** Records shown follows **

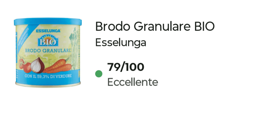Ho preferito acquistare il Brodo Granulare Bio, sempre di Esselunga, che come primo ingrediente ha le verdure (59,3%) ed un punteggio Yuka di 79/100 – Eccellente. Costa di più, 4,45 € contro 1,69 tuttavia non è un prodotto che si usa tutti i giorni e la dose è di 10 grammi, per cui va da sè.
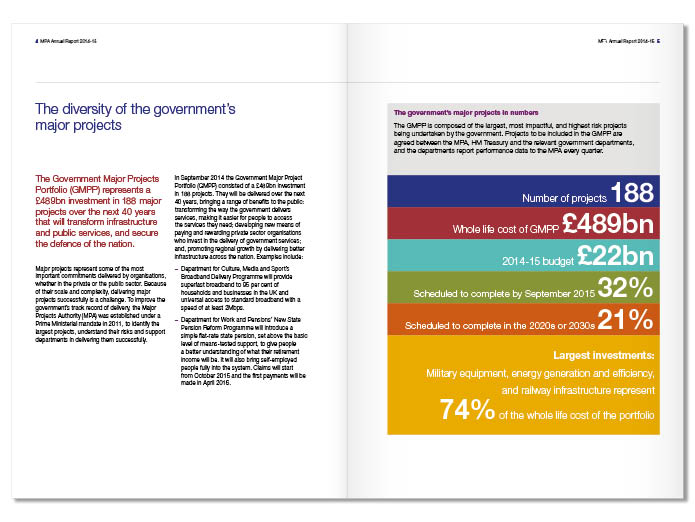 This is a very data-heavy report so the main task was to make the graphs and charts clear and allow the reader to easily compare the number and relative progress of projects across departments.
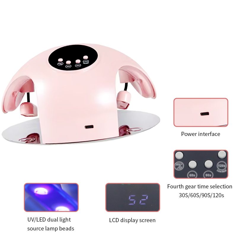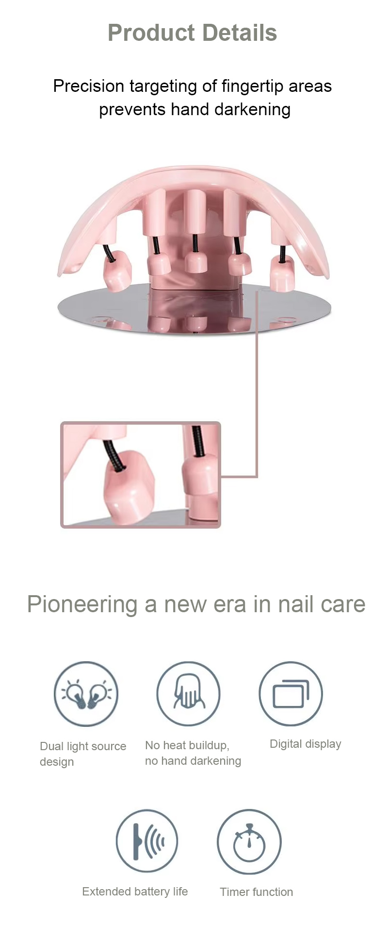 Продукт обеспечивает равномерное высыхание клея без усадки. Двойные источники света обеспечивают мягкий нагрев, предотвращающий изменение цвета рук и напряжение глаз, подходят как для рук, так и для ног, обеспечивая удивительно быстрое высыхание.
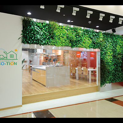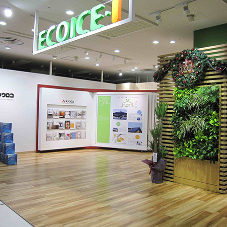 エコーションは、アリオ橋本へショッピングに訪れるお客様が、身近に最新の環境設備機器や最新の省エネ家電などに触れることを通じて「エコな生活」への関心を深め、住まい全体としての「エコな暮らし」に興味を高めてもらうように工夫されたショールームです。
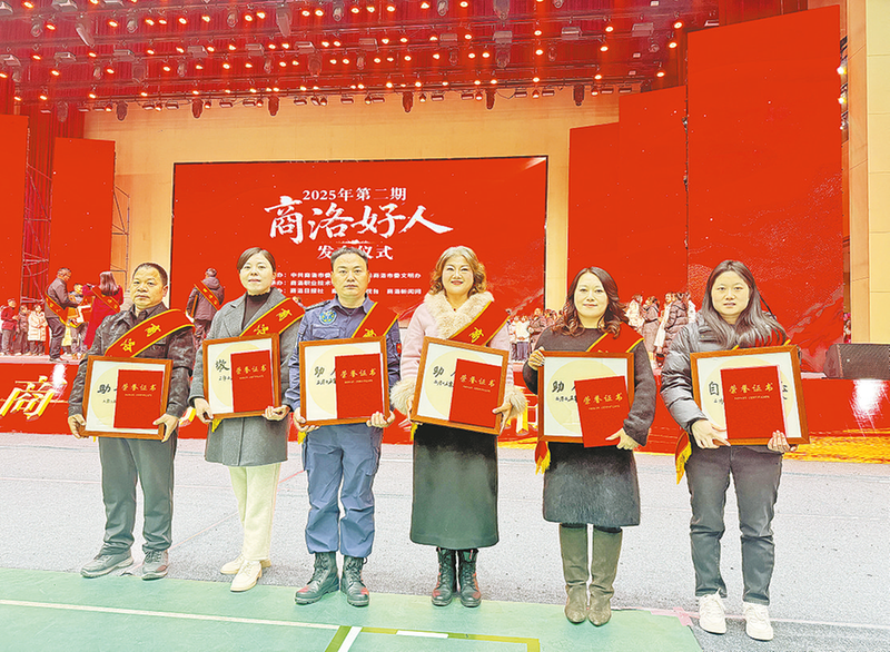 ?12月23日,2025年第二期“商洛好人”發(fā)布儀式在商洛職業(yè)技術(shù)學(xué)院舉行,雷振華(左一)榮獲助人為樂類“商洛好人”榮譽稱號。
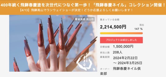 私たちの活動をより多くの人に知ってもらい、支援・応援していただくために2月22日よりクラウドファンディングを実施。200人以上の方からご支援いただき、「飛騨春慶ネイルコレクション」開催のために掲げていた目標金額を達成することができました。
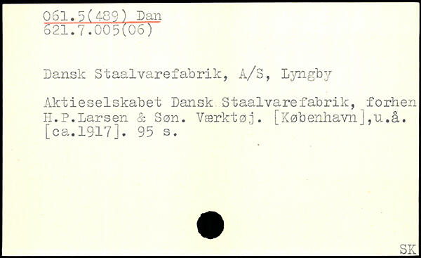 Dansk Staalvarefabrik, A/S, Lyngby Aktieselskabet Dansk Staalvarefabrik, forhen H.P.Larsen & Søn. Værlctøj. [Københavnj,u.å. [ca.1917].
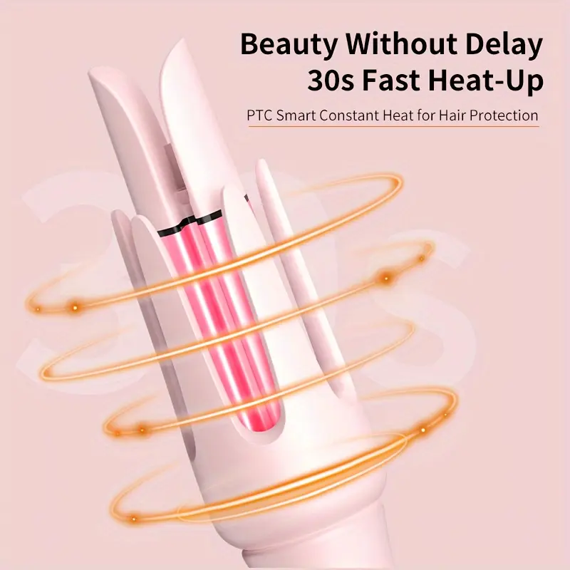 Newme Professional Styling Made Easy: 1.25 inch (32mm) Professional Automatic Rotating Curling Iron with Tourmaline, Fast Heating, Dual Voltage, and Smart Sensor - Perfect for Comfortable and Safe Hair Styling, Exclusive Gift, Pink Curler
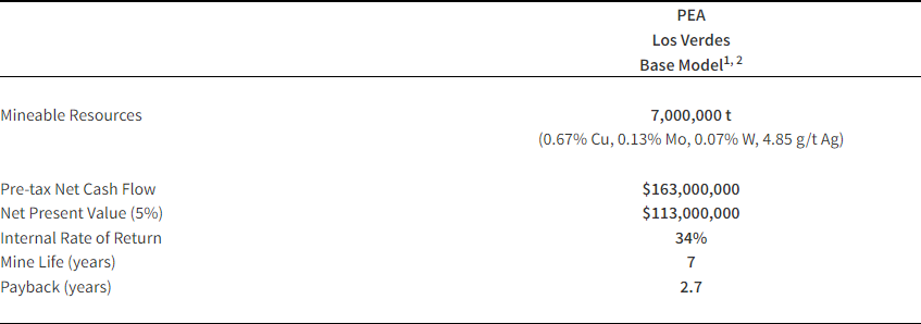 The Los Verdes deposit PEA is based on a resource estimate completed by Golder Associates which contains a total resource (measured + indicated) of 7.7MM tonnes – 0.64% copper, 0.12% molybdenum, 0.07% tungsten, 4.75 g/t silver (see Los Verdes Resource Estimate section for details). The study envisions the construction of a new mine and processing facility with an average annual production rate of approximately 1 MM tonnes over a 7-year mine life. Highlights from the study are as follows:
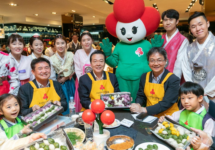 서울 강서구는 4일 공항컨벤션웨딩홀(강서로 357) 그랜드홀에서 ‘오순도순 한가위 송편 나눔’ 행사를 개최해 어려운 이웃에게 전달할 송편선물세트를 만들었다. 사진은 노현송 구청장과 주민들이 선물세트를 포장하고 기념촬영을 하는 모습. (사진제공=강서구청)
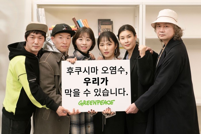 | ▲오염수 해양 방류 반대 의지와 응원을 담아 직접 메시지 카드를 들고 사진 촬영에 임해준 밴드 이날치. 1집 수궁가의 '의사줌치'를 편곡, 개사해 뮤직비디오 <후쿠시마 오염수 (feat. 그린피스)>에 담았습니다. |
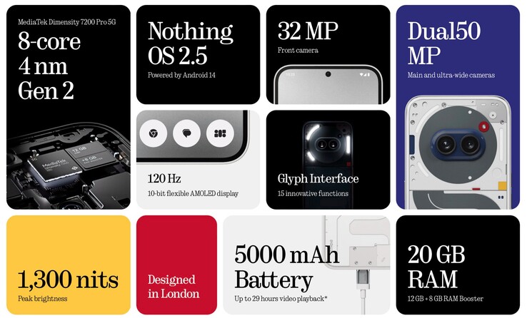 Dabei packt Nothing dunkelgraue, blaue, rote und gelbe Farbakzente unter die transparente Rückseite, wodurch das Gerät einen charmanten Retro-Look erhält. Die als "Glyph Interface" bekannten LED-Streifen rund um das Kameramodul bleiben unverändert, und auch an der Ausstattung ändert sich ansonsten nichts. Demnach setzt das Smartphone wie gehabt auf einen MediaTek Dimensity 7200 mit zwei ARM Cortex-A715 Performance-Kernen und sechs Cortex-A510 Effizienz-Kernen sowie auf ein 6,7 Zoll großes, 120 Hz schnelles AMOLED-Display mit einer Spitzenhelligkeit von 1.300 Nits.
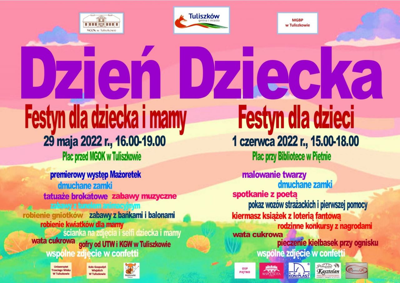 Zapraszamy na imprezy z okazji Dnia Dziecka organizowane przez Gminę i Miasto, MGOK i MGBP w Tuliszkowie, przy wsparciu różnych organizacji i sponsorów.

** End of Records shown **

== Your task ==
Restate each line from the start of the listing through the line bearing "Newme Professional Styling" word for word. Drop the pictures.

== Exercise answer ==
Ho preferito acquistare il Brodo Granulare Bio, sempre di Esselunga, che come primo ingrediente ha le verdure (59,3%) ed un punteggio Yuka di 79/100 – Eccellente. Costa di più, 4,45 € contro 1,69 tuttavia non è un prodotto che si usa tutti i giorni e la dose è di 10 grammi, per cui va da sè.
 This is a very data-heavy report so the main task was to make the graphs and charts clear and allow the reader to easily compare the number and relative progress of projects across departments.
 Продукт обеспечивает равномерное высыхание клея без усадки. Двойные источники света обеспечивают мягкий нагрев, предотвращающий изменение цвета рук и напряжение глаз, подходят как для рук, так и для ног, обеспечивая удивительно быстрое высыхание.
 エコーションは、アリオ橋本へショッピングに訪れるお客様が、身近に最新の環境設備機器や最新の省エネ家電などに触れることを通じて「エコな生活」への関心を深め、住まい全体としての「エコな暮らし」に興味を高めてもらうように工夫されたショールームです。
 ?12月23日,2025年第二期“商洛好人”發(fā)布儀式在商洛職業(yè)技術(shù)學(xué)院舉行,雷振華(左一)榮獲助人為樂類“商洛好人”榮譽稱號。
 私たちの活動をより多くの人に知ってもらい、支援・応援していただくために2月22日よりクラウドファンディングを実施。200人以上の方からご支援いただき、「飛騨春慶ネイルコレクション」開催のために掲げていた目標金額を達成することができました。
 Dansk Staalvarefabrik, A/S, Lyngby Aktieselskabet Dansk Staalvarefabrik, forhen H.P.Larsen & Søn. Værlctøj. [Københavnj,u.å. [ca.1917].
 Newme Professional Styling Made Easy: 1.25 inch (32mm) Professional Automatic Rotating Curling Iron with Tourmaline, Fast Heating, Dual Voltage, and Smart Sensor - Perfect for Comfortable and Safe Hair Styling, Exclusive Gift, Pink Curler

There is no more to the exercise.